How to find your next team member?
Recently, we were looking for a new team member. In order to find out what skills we were missing and to create a job posting, we used a tool called Team Competency Matrix. In short: a Team Competency Matrix shows you which skills are present and which are currently lacking in a team.
How does that work?
We did a workshop with the whole team (developers, UI/UX designer, product owner as well as our agile coach). The session was split into 2 parts. In the first part, we would gather all the skills needed in our daily work and in the second part, we would map our team’s skills to the required skills.
Step 1: Gather required skills
This was done similarly to a brainstorming session. We would use Mural as a digital whiteboard and everyone wrote down all the skills that are required during our daily work. This part was really insightful. It provided a good overview of the status quo and was also really valuable to reflect on what we are actually doing during the day.
The skills collected contained items like:
- PHP
- Unit / Integration Testing
- API Design
- Graphql
- User Journeys
- Splunk
- Code Reviews
- Frontend Tests
- Docker
The collection was a lot bigger, so in the next step we had to group those skills as a preparation for step 2.
Step 2: Creating the Team Competency Matrix
The collected skills from part 1 were added to a google sheets table.

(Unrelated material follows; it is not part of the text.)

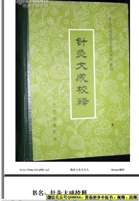 针灸大成校释---[注:进中医万人群交流 +威信:QHBK2008 ]

Everyone would self-assess how well they know a certain skill using the following criteria:
- green (1): I can teach that
- yellow (2): I can do that
- red (3): no clue
Using that result, we could count the green team members for each skill and easily determine the required skills for our job posting. But keep in mind: some skills require more people, other skills require fewer people. In a typical development team, it’s probably fine if 1 or 2 people take care of user journeys; but there should be more people who write code.
Key learnings
Using the Team Competency Matrix was not hard and didn’t take much time. We spent like 90 minutes doing it. It was very valuable to get everyone on the same page where we were as a team and what gaps we had. We realized during the workshop that it is crucial to be very clear on what the colors (or numbers) mean. We made the mistake of switching from numbers to colors which caused confusion. I highly recommend using numbers and having the background colors adjust automatically based on the number.
Additionally, self-assessing your skills is always a good exercise in order to find areas where you want to further develop yourself and grow in your position.
In the end we were able to craft a well-matching job description for our team and actually already found our next team member!